INPUT DATA

== Segment start ==

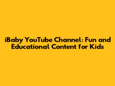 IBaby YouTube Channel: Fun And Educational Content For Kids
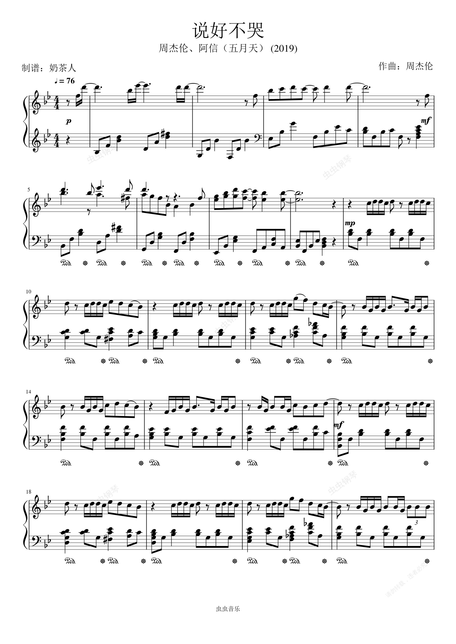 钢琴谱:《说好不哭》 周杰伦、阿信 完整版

== Segment end ==
== Segment start ==

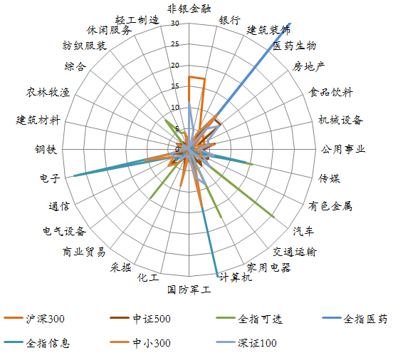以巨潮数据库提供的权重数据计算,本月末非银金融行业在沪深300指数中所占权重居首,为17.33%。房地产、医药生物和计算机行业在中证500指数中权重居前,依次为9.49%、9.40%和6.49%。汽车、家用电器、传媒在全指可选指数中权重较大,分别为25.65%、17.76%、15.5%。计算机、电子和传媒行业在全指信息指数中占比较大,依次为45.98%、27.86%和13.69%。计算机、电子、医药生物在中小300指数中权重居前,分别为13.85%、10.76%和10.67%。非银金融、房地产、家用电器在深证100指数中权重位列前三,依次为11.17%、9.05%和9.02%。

== Segment end ==

TASK PROMPT
Copy out the lines above from the line containing "IBaby YouTube Channel: Fun" through the line containing "钢琴谱:《说好不哭》 周杰伦、阿信 完整版", exactly, and keep the pictures out.

FINISHED TASK
 IBaby YouTube Channel: Fun And Educational Content For Kids
 钢琴谱:《说好不哭》 周杰伦、阿信 完整版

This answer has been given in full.